On a l'impression en sortant de s'être enfilé tous les épisodes d'une mini-série, sans voir le temps passer. "On ne peut pardonner qu'à ceux qui demandent pardon", entendra-t-on. Mais comme tous les traîtres se cachent, cette histoire de vengeance est évidemment compliquée et longue. Film passionnant donc, qui nous en met plein la vue (les images), plein les oreilles (les dialogues), plein le cerveau, le cœur, l'estomac, selon où chacun prête un sens à ces organes (sentiment, réflexion, violence). Il y a tout ça dans ce film.

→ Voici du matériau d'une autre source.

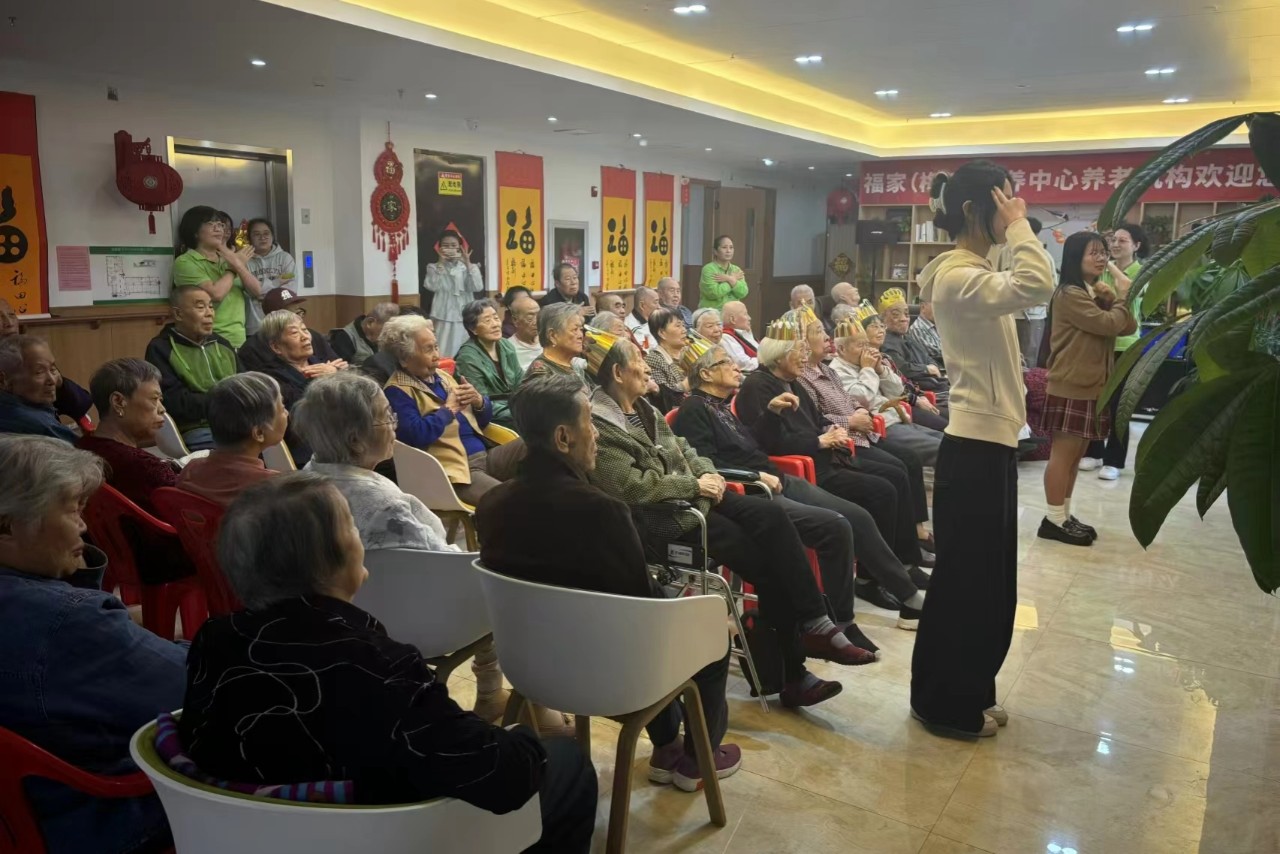 活动最后,同学们为老人们送上真挚的重阳节祝福,并为当月过生日的老人送上生日祝福、唱生日歌。

On n'attaquera pas l'invraisemblance du film. C'est à la fois extraordinaire et invraisemblable. Mais c'est Alexandre Dumas le maître d'ouvrage, romancier inattaquable. Les idées viennent du temps où l'on n'avait pas besoin de dragons ou d'extraterrestres ; le caractère des hommes remplissait les histoires et les légendes, et l'imagination des Dumas et autres Victor Hugo faisait le reste.

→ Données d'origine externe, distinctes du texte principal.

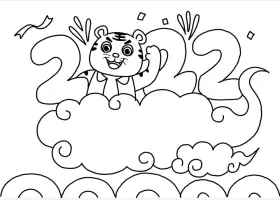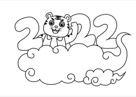 关于节日、虎年的简笔画,虎年元旦贺卡简笔画教程。

Le reste dont l'écriture. Écriture donnant naissance à des dialogues qu'on n'entend plus de nos jours. Même si ce qui les amène vient du fond des âges (amour, trahison, vengeance, justice) et que ce n'est pas différent aujourd'hui (mais on ne les emballe pas pareil). Du coup les messages s'impriment facilement et durablement. C'est quand même pas banal (pour un psy d'aujourd'hui) de déclarer que les cauchemars ont du bon car ils "aident à se souvenir de ses blessures". C'est l'effet de la forme sur le fond. Il y a aussi l'effet du rappel de la source (chose qui passe souvent à la trappe aujourd'hui), comme par exemple "les fils paieront pour les crimes de leurs pères" (la bible, étonnamment).
Ce n'est quand même pas un film d'Alexandre Dumas. Il y a bien des auteurs, et des acteurs. Quand notre héros dit "à partir de maintenant, c'est moi qui récompense et c'est moi qui punit", l'image filmée rappelle "V pour Vendetta" (film 2005), et encore plus Batman sur le point de s'envoler, un Batman en haut de forme... Les auteurs l'ont voulu. Et c'est bien Pierre Niney qui l'a joué (et qui restera sur ce registre de l'excellence pour exprimer les choses).

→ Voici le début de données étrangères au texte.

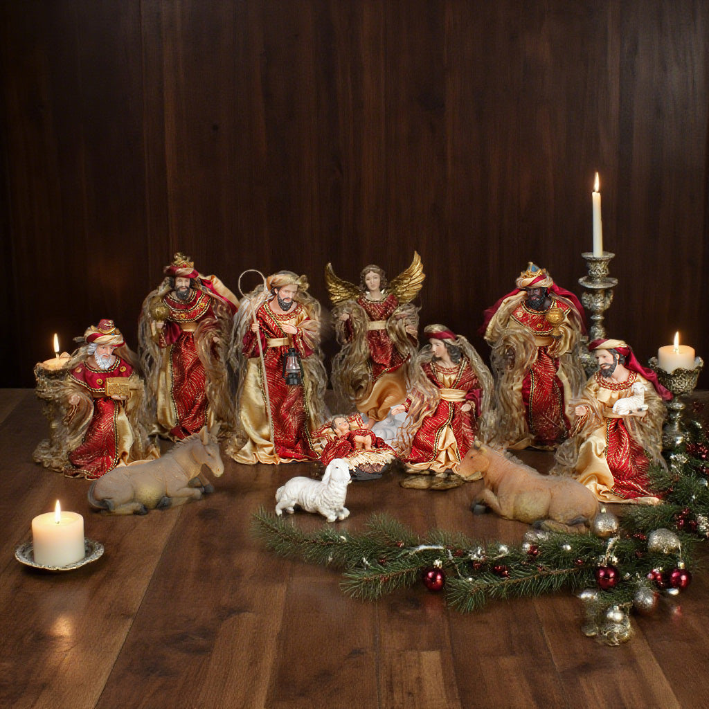 12 Inch Fabric Nativity Set Red, set 11pcs,Nativity Christmas Set Red Fabric Clothes, Christmas Resin Scenes Figures Sets Tabletop,Christmas Collectibles Figurines Statue Decor,Handcrafted Resin Nativity Set Fabric Clothes Traditional Christmas Figurine

Le message final dit que "toute la sagesse humaine est dans ces deux mots : attendre et espérer". On ne sait pas trop d'où ça vient (Dumas ?), ni si c'est vrai. Le film donne en tout cas une forte envie de (re)lire le livre, voir si les rebondissements sont d'origine, si l'invraisemblance écrite est vraiment invraisemblable. C'est un autre atout. Bref, nous, nous ne voyons aucun défaut.
A.G.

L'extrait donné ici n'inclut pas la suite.